Czarskoe-Selo, le 26 mai-6 juin.

Monsieur, je me hâte de répondre à votre lettre du 18 mai, que j’ai reçue hier au soir, parce que je vous vois en peine. Les vicissitudes que les adhérents de Moustapha répandent que mon armée doit avoir essuyées, la perte de la Valachie, sont des contes dont je n’ai senti d’autre chagrin que celui de vous voir appréhender que cela ne soit vrai. Dieu merci, rien de tout cela n’a existé. Il y a huit jours que j’ai reçu encore la nouvelle qu’un petit corps turc avait passé sur des radeaux le Danube, près d’Isaksi, pour reconnaître nos postes ; mais il a été si bien accommodé qu’il s’en est retourné avec plus de diligence qu’il n’était venu, et les nôtres ont tiré d’un ruisseau que les Turcs avaient voulu passer à la nage. Plus de trois cents corps sont noyés, sans compter les tués et les blessés. Je vous ai mandé, la poste passée, les nouvelles que j’ai reçues de la Morée, qui, pour premier début, paraissent assez satisfaisantes.

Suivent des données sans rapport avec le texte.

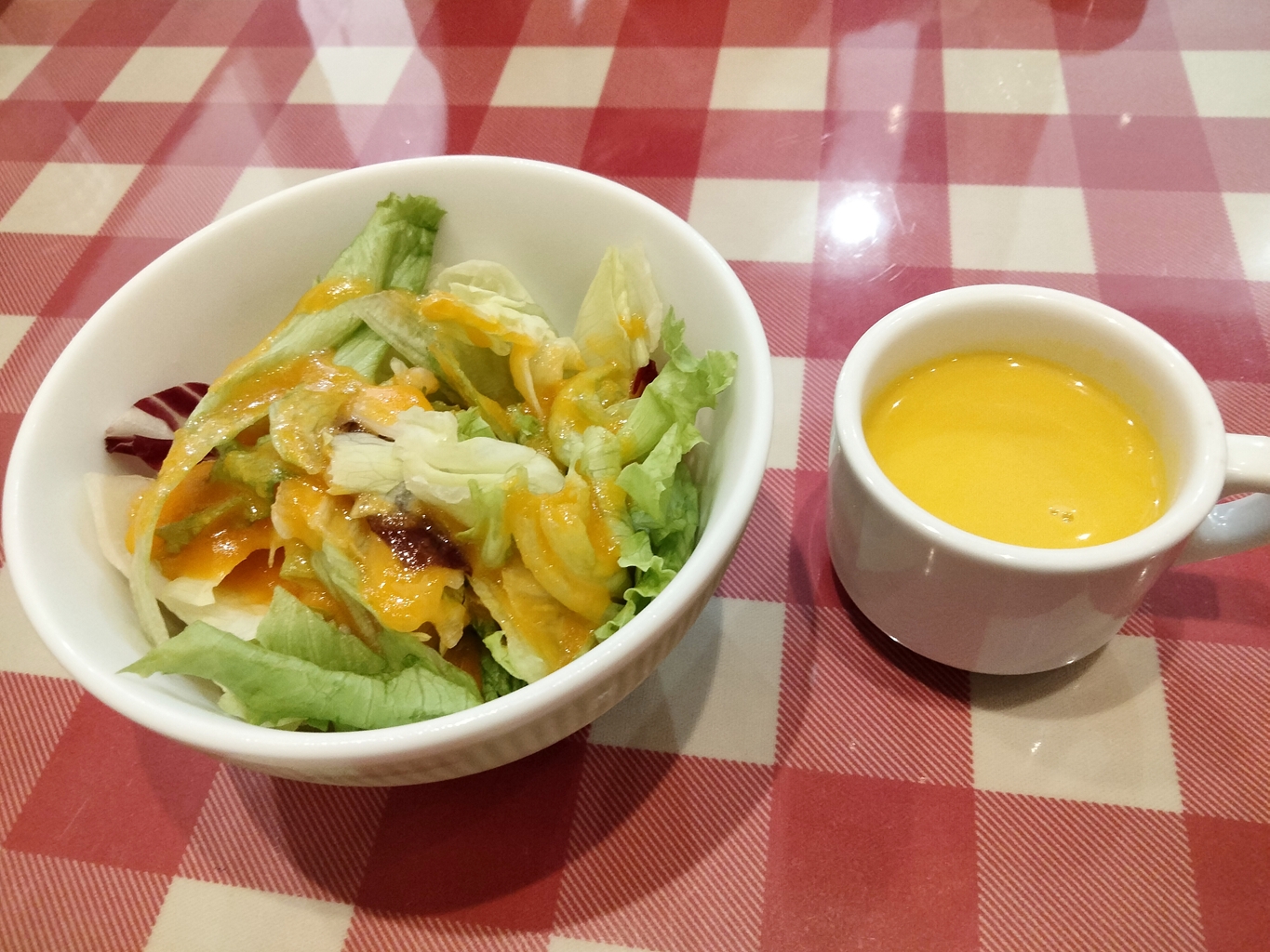サラダにはお店オリジナルというにんじんドレッシングがたっぷりかかっていました!

J’espère que par votre intercession la sainte Vierge n’abandonnera pas les fidèles.

Ces pauvres diables de partisans de Moustapha n’ont d’autres ressources pour faire aller leurs brouettes que de composer au désavantage de la Russie des combats sans fin ; mais ils ne sauraient par là remédier au délabrement universel de la monarchie turque. Ce fantôme s’écroule ; ils l’ont eux-mêmes secoué, mal à propos peut-être : voilà ce que c’est que de ne pas connaître à qui l’on a affaire. Le roi Ali d’Égypte a su profiter de l’occasion ; on dit que les chrétiens et les musulmans en sont également contents, parce que le roi Ali est tolérant et juste. Les Vénitiens, à force de politiquer lorsqu’il s’agit de profiter, ressemblent à cet animal de la fable qui mourait de faim entre deux bottes de foin.

Dormez tranquillement, monsieur ; les affaires de votre favorite (après ce que vous me dites, et l’amitié que vous ne discontinuez de me témoigner, je prends hardiment ce titre) vont un train très-honnête : elle-même en est contente, et ne craint les Turcs ni par terre ni par mer.

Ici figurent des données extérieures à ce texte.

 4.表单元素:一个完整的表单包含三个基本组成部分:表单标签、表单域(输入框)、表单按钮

Cette flotte turque, dont on fait tant de bruit, est merveilleusement bien équipée ! Faute de matelots, on a mis sur les vaisseaux de guerre les jardiniers du sérail.

Je vous promets d’achever mon code après la paix.

Frère Ganganelli a trop d’esprit pour être fâché, au fond de son cœur, de mes progrès. Nous n’avons rien à démêler ensemble. Je ne lui ai pris ni Avignon, ni Bénévent. Ma cause, au bout du compte, est celle de la chrétienté. Il n’appartenait qu’à frère Rezzonico[2] de s’aveugler dans sa dévotion. Clément XIV me paraît plus éclairé.

Les capucins, monsieur, ont, je pense, les mêmes droits que les cordeliers. Vous pouvez devenir pape[3] ; et même cela doit se faire pour le bien de l’Église, c’est voici pourquoi les deux chefs de l’Église grecque et romaine non-seulement seront en correspondance directe, mais encore on les verra liés par l’amitié, chose qui n’a existé encore jusqu’ici. Je prévois déjà d’avance un grand bien pour la chrétienté. Je vous déclare que je serai modérée, mais ferme sans opiniâtreté. Adieu, monsieur ; portez-vous bien, et soyez assuré qu’on ne saurait ajouter à la sensibilité que j’ai pour toutes les marques d’amitié que vous me donnez. Rien aussi n’égale l’estime que j’en fais.

  1. Collection de Documents, Mémoires et Correspondances relatifs à l’histoire de l’empire de Russie, etc., tome X, page 421.
  2. Clément XIII.
  3. Voltaire avait été agrégé à l’ordre des capucins.